Getting Started - DeeEmm/DIY-Flow-Bench GitHub Wiki
The Following guide will walk you through what is required to get the DIYFB system up and running on your bench. Currently we support both MAF based benches and Differential (orifice) style benches.
The system comprises of three distinct aspects:
- The MCU / Shield
- The physical hardware
- The software
The MCU / shield
The recommended MCU is the Wemos D1 R32. The DIYFB shield is designed to work with this specific MCU.
Any ESP32 based MCU will run the DIYFB software, and any 'UNO' sized ESP32 board will be pin compatible with the DIYFB shield. You should be able to edit the pin configuration file (pins.json) to make your board work with the ESP32 shield.
The shield itself is a DIY self-solder shield designed to be easy to build, and utilises readily available components.
If you are a novice we recommend sticking with the recommended Wemos D1 board and official DIYFB shield and recommended component selection. It is however possible to substitute components and MCUs with the appropriate corresponding code changes, as well as designing your own PCB or breadboard design.
More detailed information on the shield can be found in the 'Shield Design' section
Physical Hardware
There are many ways to build the physical bench, but all flow benches consist of the same basic configuration: A vacuum source, A measuring or metering section and the test surface.
The most simple MAF based bench consists of a shop vac for a vacuum source, and a length of 80/90/100mm tube to mount the MAF in with a suitable test surface at the end. More complex DIY flow bench designs are available, for example the PTS differential style bench plans are widely recognised and comparable with other industry standard products.
The design of the bench is entirely at the users choice, but it should be considered that the performance of the vacuum source will have a direct impact on the ability of your bench. The DIYFB code will work as a 'floating depression' style bench for simple systems but the ability to test at a fixed depression at an industry standard level should not be overlooked.
Currently the firmware supports both MAF based benches and Differential (orifice) style benches.
More detailed information on Bench design can be found in the 'Bench Design' section
The DIYFB Firmware.
The DIYFB firmware is designed to be run on the ESP32 platform This means that it should run an any ESP32 device. The official default recommended device is the Wemos ESP32 D1. Clone versions of these are inexpensive and readily available. The Wemos D1 is an UNO sized ESP32 breakout board that is pin compatible with the official FIYFB shield. The DIYFB Firmware is preconfigured to run on the WEMOS ESP32 D1 without any configuration changes.
For the initial installation, firmware can be uploaded to the ESP32 using a firmware loader. Once the initial firmware has been uploaded, further firmware updates can be made via the GUI.
Additional configuration is then carried out via the configuration page in the GUI.
More detailed information on configuration and setup can be found in the Firmware section.
Official firmware releases are available via the Releases page and via the Master branch
The current development code is available in the DEV branch. Please note that whilst the DEV branch may contain additional functionality and features that are not yet published into the Master branch. DEV code is not yet validated and may contain errors and / or performance issues.
For a production system we always recommend using the current official release.
Getting the right components
If you want to build your own shield, selection of the components you use to build your bench is the most important aspect of ensuring that your build goes smoothly, or in some cases even works at all. Not all MAF sensors are made equal and not all MAF sensors have published flow characteristic data that you can use to set up your MAF sensor within the code.

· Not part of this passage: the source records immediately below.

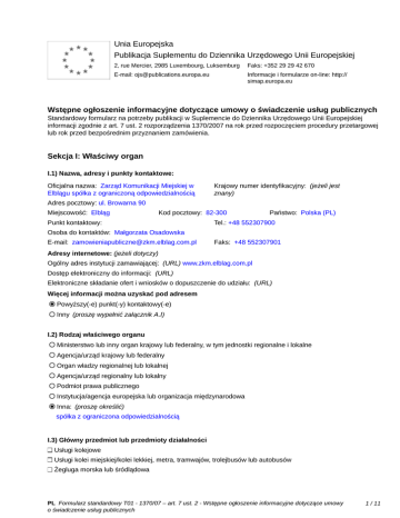 Unia Europejska Publikacja Suplementu do Dziennika Urzędowego Unii Europejskiej 2, rue Mercier, 2985 Luxembourg, Luksemburg Faks: +352 29 29 42 670 E-mail: [email protected] Informacje i formularze on-line: http:// simap.europa.eu Wstępne ogłoszenie informacyjne dotyczące umowy o świadczenie usług publicznych Standardowy formularz na potrzeby publikacji w Suplemencie do Dziennika Urzędowego Unii Europejskiej informacji zgodnie z art. 7 ust. 2 rozporządzenia 1370/2007 na rok przed rozpoczęciem procedury przetargowej lub rok przed bezpośrednim przyznaniem zamówienia. Sekcja I: Właściwy organ I.1) Nazwa, adresy i punkty kontaktowe: Oficjalna nazwa: Zarząd Komunikacji Miejskiej w Elblągu spółka z ograniczoną odpowiedzialnością Krajowy numer identyfikacyjny: (jeżeli jest znany) _____ Adres pocztowy: ul. Browarna 90 Miejscowość: Elbląg Kod pocztowy: 82-300 Punkt kontaktowy: _____ Państwo: Polska (PL) Tel.: +48 552307900 Osoba do kontaktów: Małgorzata Osadowska E-mail: [email protected] Faks: +48 552307901 Adresy internetowe: (jeżeli dotyczy) Ogólny adres instytucji zamawiającej: (URL) www.zkm.elblag.com.pl Dostęp elektroniczny do informacji: (URL) _____ Elektroniczne składanie ofert i wniosków o dopuszczenie do udziału: (URL) _____ Więcej informacji można uzyskać pod adresem Powyższy(-e) punkt(-y) kontaktowy(-e) Inny (proszę wypełnić załącznik A.I) I.2) Rodzaj właściwego organu Ministerstwo lub inny organ krajowy lub federalny, w tym jednostki regionalne i lokalne Agencja/urząd krajowy lub federalny Organ władzy regionalnej lub lokalnej Agencja/urząd regionalny lub lokalny Podmiot prawa publicznego Instytucja/agencja europejska lub organizacja międzynarodowa Inna: (proszę określić) spółka z ograniczona odpowiedzialnością I.3) Główny przedmiot lub przedmioty działalności Usługi kolejowe Usługi kolei miejskiej/kolei lekkiej, metra, tramwajów, trolejbusów lub autobusów Żegluga morska lub śródlądowa PL Formularz standardowy T01 - 1370/07 – art. 7 ust. 2 - Wstępne ogłoszenie informacyjne dotyczące umowy o świadczenie usług publicznych 1 / 11 Inny: (proszę określić) publiczny transport zbiorowy I.4) Udzielenie zamówienia w imieniu innych właściwych organów Właściwy organ dokonuje zakupu w imieniu innych właściwych organów: tak nie (jeżeli tak, więcej informacji o tych właściwych organach można podać w załączniku A.II) PL Formularz standardowy T01 - 1370/07 – art. 7 ust. 2 - Wstępne ogłoszenie informacyjne dotyczące umowy o świadczenie usług publicznych 2 / 11 Sekcja II: Przedmiot zamówienia II.1) Opis: II.1.1) Nazwa nadana zamówieniu: Świadczenie usług przewozu w trakcji tramwajowej II.1.2) Rodzaj zamówienia, dziedzina(-y), której(-ych) dotyczą usługi transportu publicznego: Kategoria usług: nr: T-04 (Zob. kategorie usług w załączniku B) Dziedziny, których dotyczą usługi transportu publicznego: komunikacja miejska Kod NUTS: PL621 II.1.3) Krótki opis zamówienia: Świadczenie usług w zakresie transportu tramwajowego na sieci komunikacyjnej obejmującej obszar Gminy Miasto Elbląg, w ramach komunikacji miejskiej, wykonywane przez podmiot wewnętrzny, w rozumieniu rozporządzenia (WE) nr 1370/2007, powołany do świadczenia usług w zakresie publicznego transportu zbiorowego II.1.4) Wspólny Słownik Zamówień (CPV) Główny przedmiot Słownik główny 60112000 Słownik uzupełniający (jeżeli dotyczy) II.1.5) Informacje na temat podwykonawstwa Przewidywane jest zlecenie podwykonawstwa: tak nie (jeżeli tak) Wartość lub część zamówienia, które prawdopodobnie będzie zlecone stronom trzecim: minimalny procent: _____ (%), maksymalny procent: _____ (%) wartości zamówienia albo Nieznana Krótki opis wartości/części zamówienia, które będzie zlecone podwykonawcom: _____ II.2) Ilość i/lub wartość usług Opis: _____ km usług publicznych w zakresie transportu pasażerskiego: _____ Szacunkowy koszt bez VAT: (proszę podać wyłącznie dane liczbowe) _____ albo Zakres: między _____ i _____ Waluta: Waluta: II.3) Planowana data rozpoczęcia i czas trwania zamówienia lub termin realizacji Rozpoczęcie: 01/09/2017 (dd/mm/rrrr) Okres w miesiącach: 180 albo w dniach: _____ (od udzielenia zamówienia) PL Formularz standardowy T01 - 1370/07 – art. 7 ust. 2 - Wstępne ogłoszenie informacyjne dotyczące umowy o świadczenie usług publicznych 3 / 11 Sekcja III: Informacje o charakterze prawnym, ekonomicznym, finansowym i technicznym III.1) Warunki dotyczące zamówienia: III.1.1) Parametry kosztów w celu obliczenia rekompensaty: _____ III.1.2) Informacje o wyłącznych prawach: Przyznano wyłączne prawa tak nie (jeżeli tak) Wyszczególnienie przyznanych wyłącznych praw: _____ III.1.3) Podział przychodów ze sprzedaży biletów: Odsetek przydzielony podmiotowi świadczącemu usługi publiczne: _____ (%) (uznaje się, że pozostała część jest przyznawana właściwemu organowi) III.1.4) Standardy socjalne: (przejęcie personelu zgodnie z dyrektywą 2001/23/WE) Wykaz wymaganych standardów (w tym lista pracowników, których to dotyczy, szczegółowe informacje na temat umownych praw i zobowiązań pracowników oraz warunków, na jakich pracowników uznaje się za związanych ze świadczonymi usługami): _____ III.1.5) Zobowiązania do świadczenia usług publicznych: Wyszczególnienie: _____ III.1.6) Inne szczególne warunki: Wykonanie zamówienia podlega szczególnym warunkom (jeżeli tak) Opis szczególnych warunków: _____ tak nie III.2) Warunki udziału: III.2.1) Zdolność ekonomiczna i finansowa: Informacje i formalności konieczne do dokonania oceny Minimalny poziom ewentualnie wymaganych spełniania wymogów: standardów: _____ _____ III.2.2) Wymagania techniczne: Informacje i formalności konieczne do dokonania oceny Minimalny poziom ewentualnie wymaganych spełniania wymogów: standardów: _____ _____ III.3) Cele w zakresie jakości dla umów o usługi: Opis: _
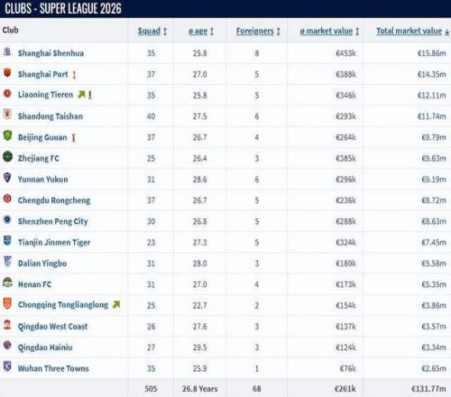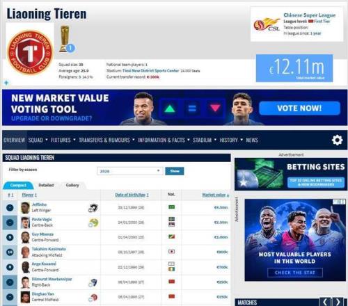 中超好看了!辽宁铁人是中超身价前6名中:唯一没被扣分球队!
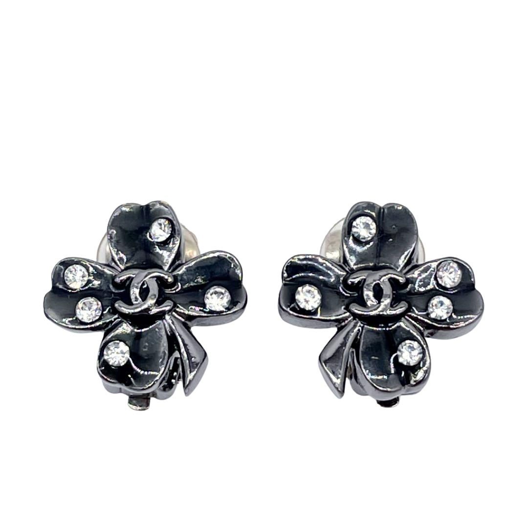CHANEL シャネル イヤリング クローバー ラインストーン 03A ガンメタリック
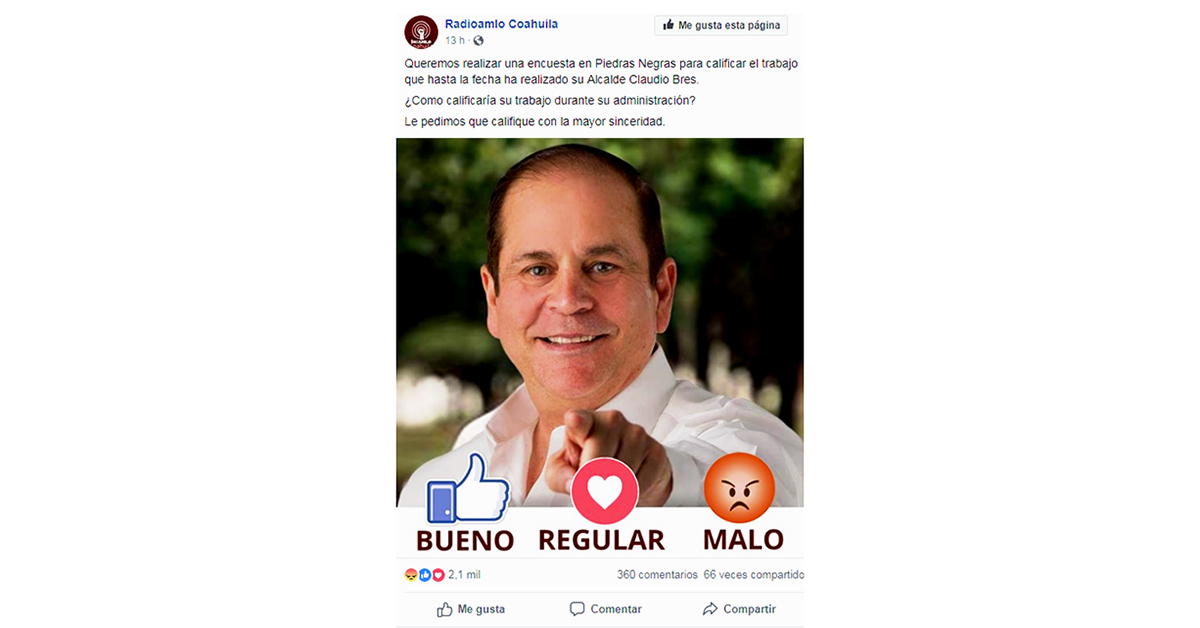 El 70 por ciento de 2 mil 452 ciudadanos califica como malo el desempeño del alcalde de Piedras Negras Claudio Bres Garza, según revela una encuesta que realiza Radio AMLO en redes sociales.
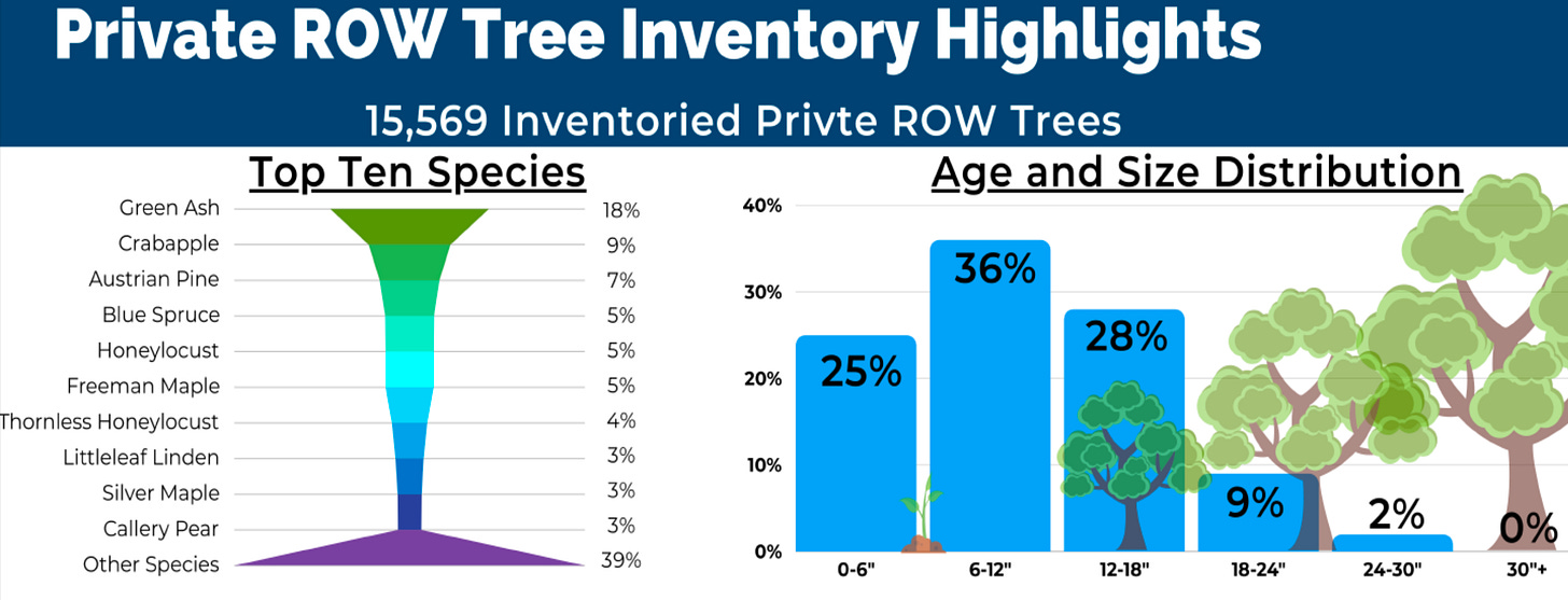 A 2023 inventory found that 10 species make up more than half of all public and private right-of-way trees, leaving our forest vulnerable if pests target a dominant type. Current threats include the emerald ash borer, ips beetle, elm leaf beetle, and thyronectria canker.
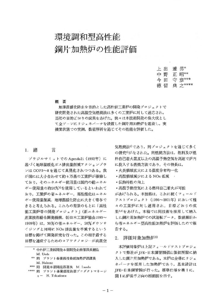 「環境調和型高性能鋼片加熱炉の性能評価」(2003)
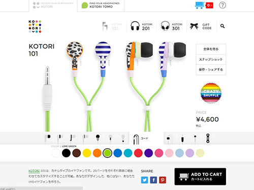 AV機器メーカーのフォスター電機は、イヤホンとヘッドホンのデザインをサイト内でカスタムできる直販サイト「kotori(コトリ)」を09年に開設した。サイト名は「個性」「音」「オリジナル」の3つの言葉を組み合わせ、利用者がデザインする楽しみを訴求している。
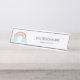 A desk name plate with a pastel rainbow illustration and its two blue clouds with employee name and job or service. These nameplates will bring colours touch to school or offices!
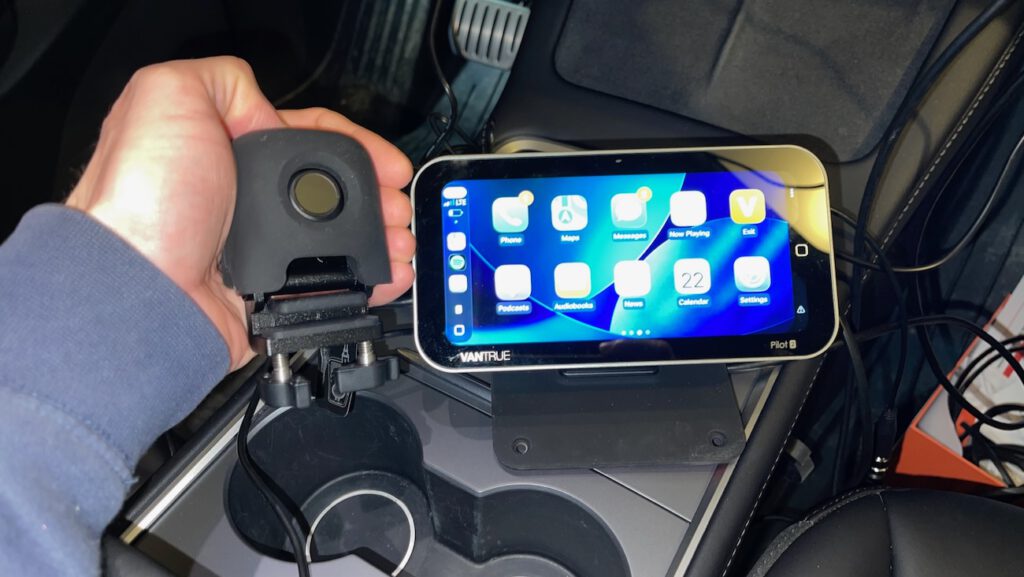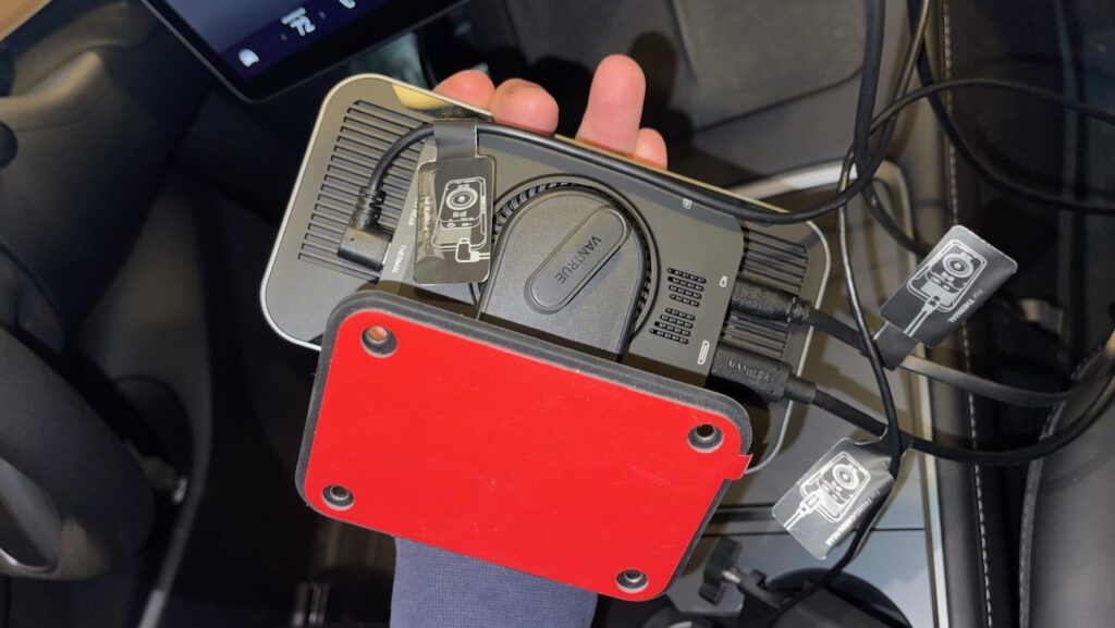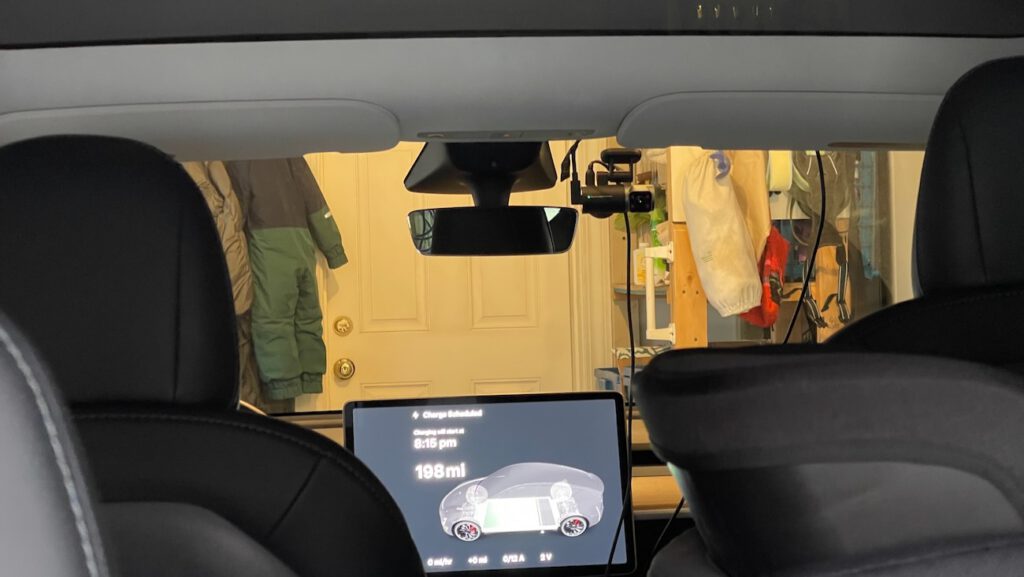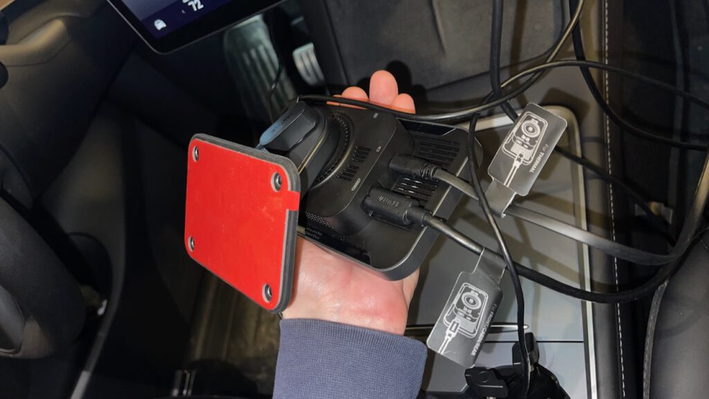 I tested the Pilot 2 on a 2022 Tesla Model Y, which already has built-in cameras, so this was an evaluation of the system rather than a primary install. The front-and-cabin camera and rear camera setup was straightforward — roughly 25 minutes to get both positioned and connected. The center console 12V outlet handles power without issue.

Similarly the same applies to pressure sensors as well. Pressure sensor choice will have a direct impact on system accuracy and stability.
In both cases you need to select sensors with a range that suits the flow characteristics of the items that you want to test. It's no use choosing an Audi RS4 MAF that flows 860cfm, if you are only going to be testing go-kart engines.
Web UI
The DIYFB system is designed to be used from a tablet or WiFi enabled device with a web browser. It should work with all modern smartphones, tablets and computers. Google Chrome is the recommended browser.
When building your flow bench it is worth considering purchasing a cheap tablet that can be used as the interface. This is the original design intent.
Advanced API communications
An API interface is available via the serial communications interface. This allows access to all menu functions via Serial communications. For example; the Arduino serial monitor. All menu commands are available to the API. Additionally there are various diagnostic commands available to the API that are not available to the regular WebUI.
The system can easily be used via the serial monitor to send command and receive data.
For a full listing of all API commands, please refer to the API section
There is also a HTTP based API. However this still needs some work to bring it up to a usable level.
The HTTP API is designed to be used by third party devices via the ethernet network and provides for bench controls and data to be accessed remotely. For example this could be used by a device such as a RaspberryPi for data logging, or from a remote PC connection to import data directly into Excel.